Task instructions - In the listing below, find the line with "Vestido largo en" and copy every line from there up to and including the line with "HBHB EXAM 1 UPDATED QUESTIONS AND ANSWERS", exactly and without pictures.

Records for processing -
══════
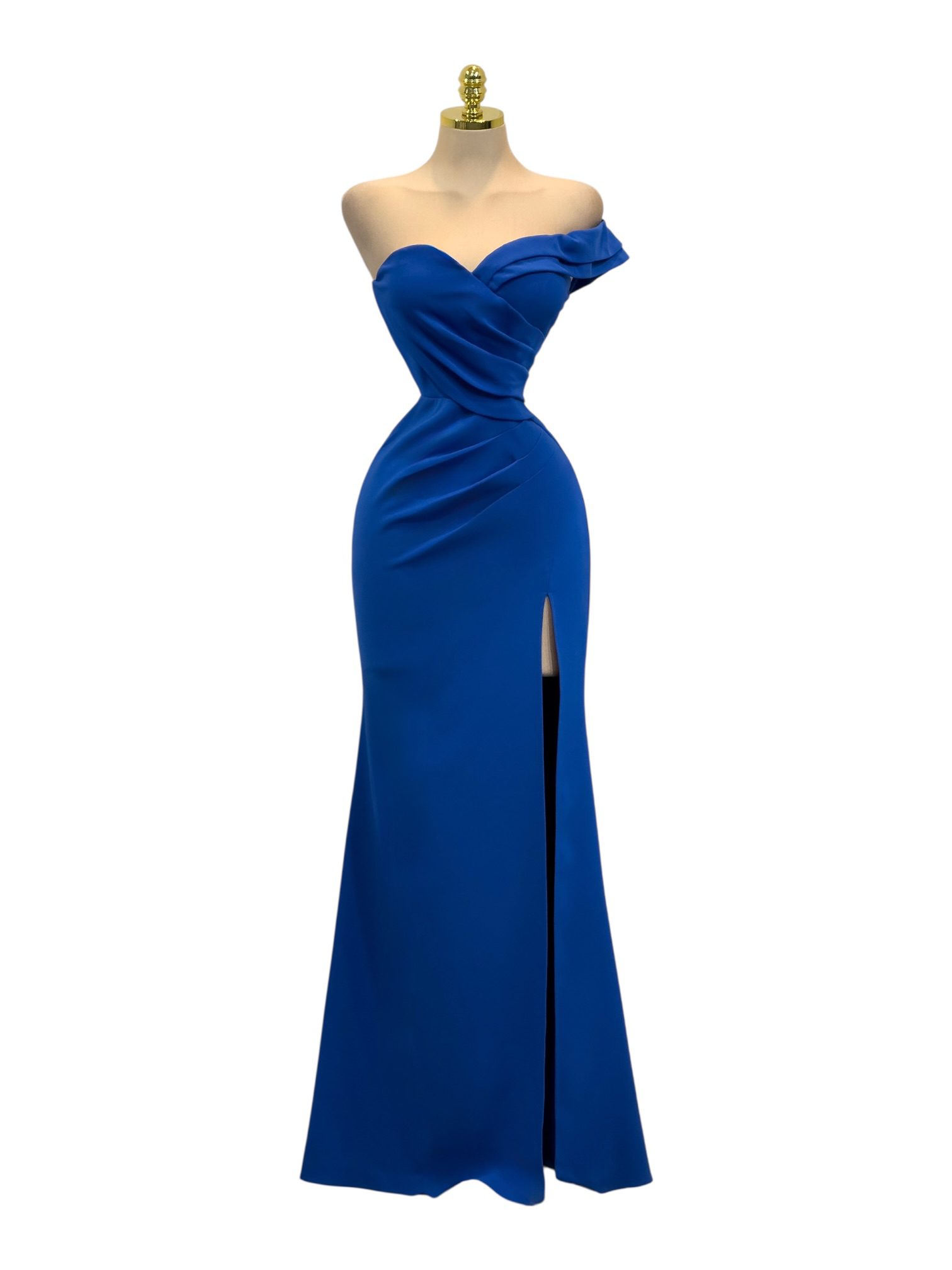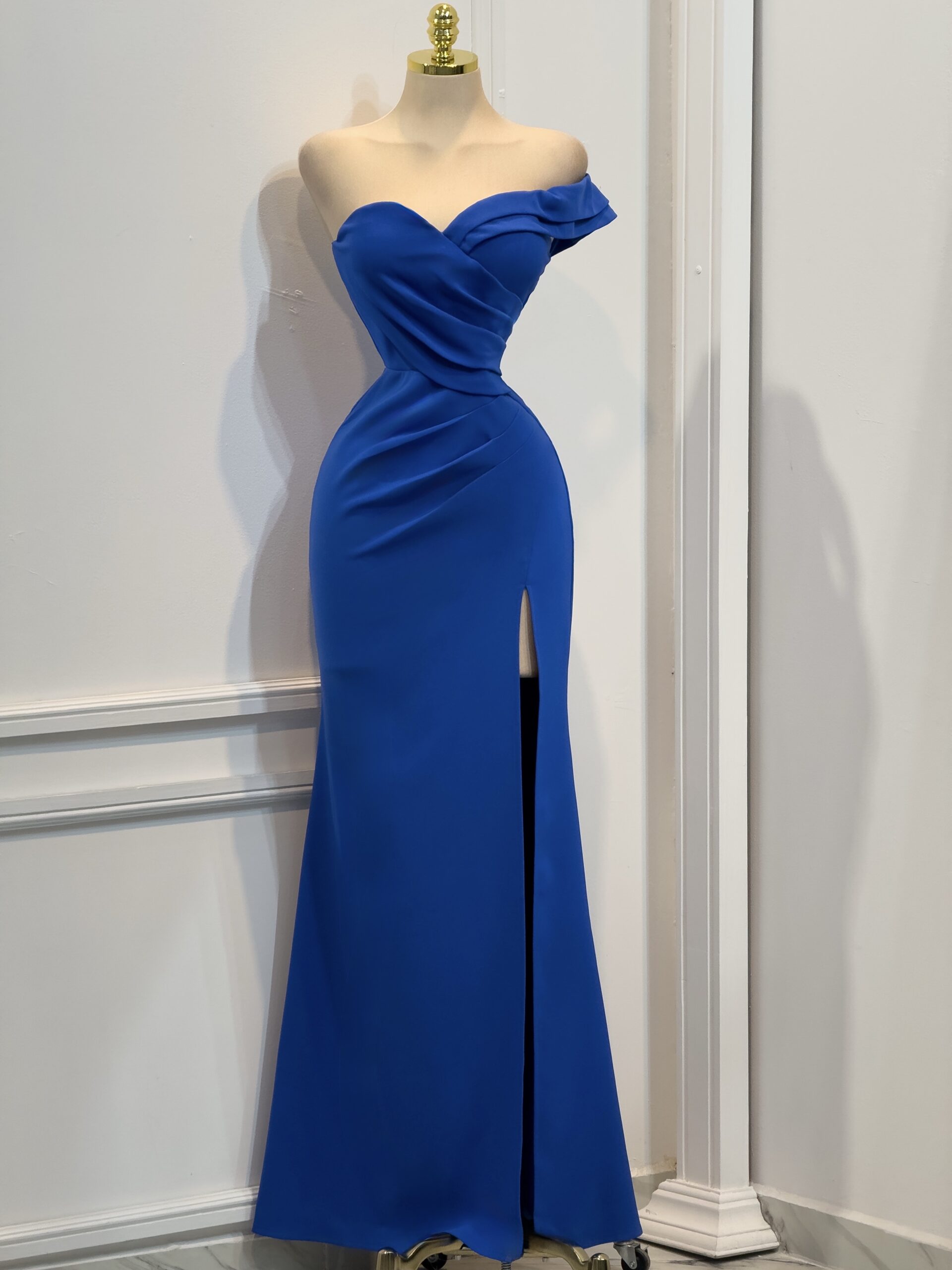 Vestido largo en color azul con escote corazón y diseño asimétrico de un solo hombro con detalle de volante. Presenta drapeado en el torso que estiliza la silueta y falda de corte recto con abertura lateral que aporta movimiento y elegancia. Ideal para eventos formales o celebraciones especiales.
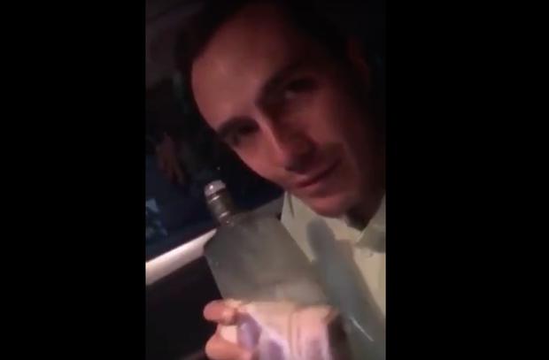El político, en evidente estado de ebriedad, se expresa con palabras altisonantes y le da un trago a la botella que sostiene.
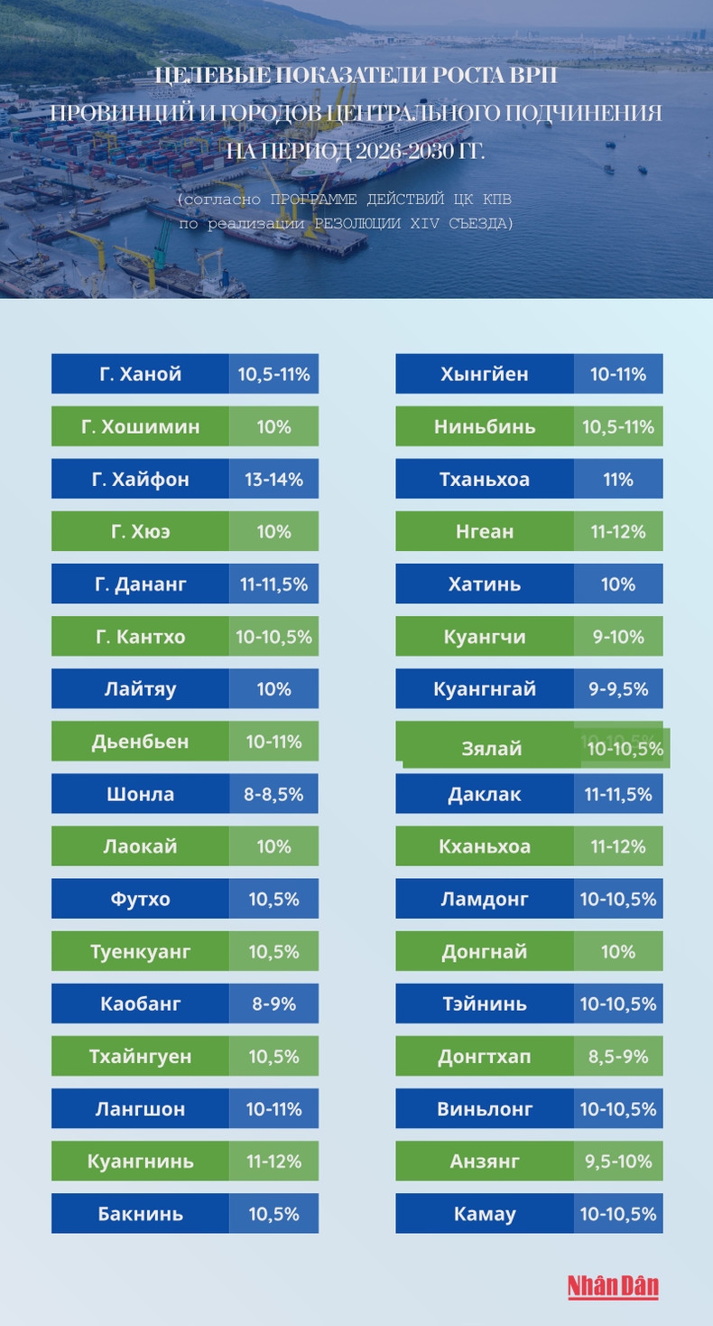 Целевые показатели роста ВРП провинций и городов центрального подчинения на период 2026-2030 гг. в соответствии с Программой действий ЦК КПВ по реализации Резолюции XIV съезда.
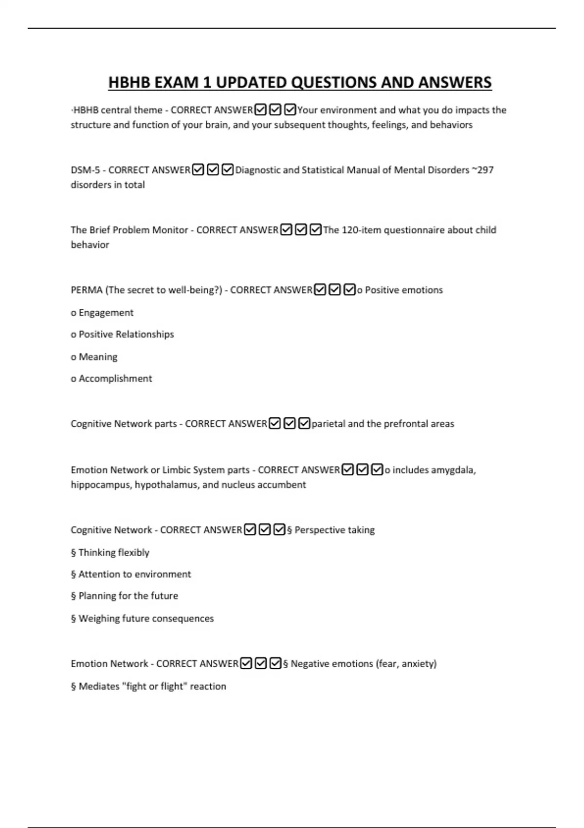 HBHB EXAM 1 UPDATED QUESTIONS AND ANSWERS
══════
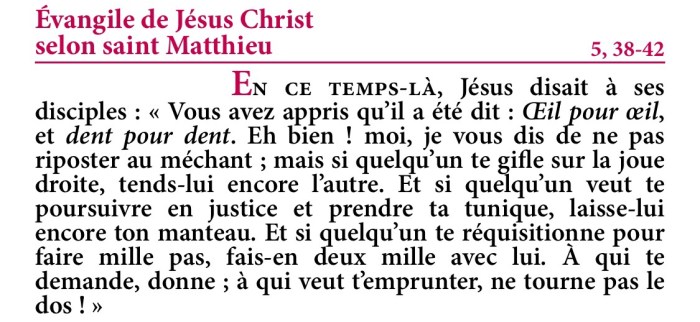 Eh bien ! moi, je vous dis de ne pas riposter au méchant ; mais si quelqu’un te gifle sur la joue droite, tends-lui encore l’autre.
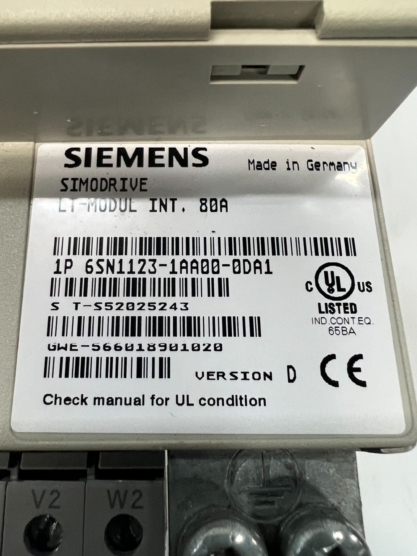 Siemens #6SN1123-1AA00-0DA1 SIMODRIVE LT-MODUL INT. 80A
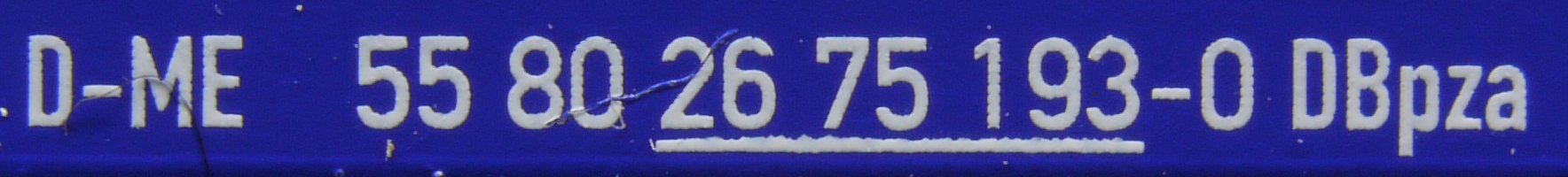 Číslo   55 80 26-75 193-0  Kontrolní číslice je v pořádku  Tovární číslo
══════
Final answer -
 Vestido largo en color azul con escote corazón y diseño asimétrico de un solo hombro con detalle de volante. Presenta drapeado en el torso que estiliza la silueta y falda de corte recto con abertura lateral que aporta movimiento y elegancia. Ideal para eventos formales o celebraciones especiales.
El político, en evidente estado de ebriedad, se expresa con palabras altisonantes y le da un trago a la botella que sostiene.
 Целевые показатели роста ВРП провинций и городов центрального подчинения на период 2026-2030 гг. в соответствии с Программой действий ЦК КПВ по реализации Резолюции XIV съезда.
 HBHB EXAM 1 UPDATED QUESTIONS AND ANSWERS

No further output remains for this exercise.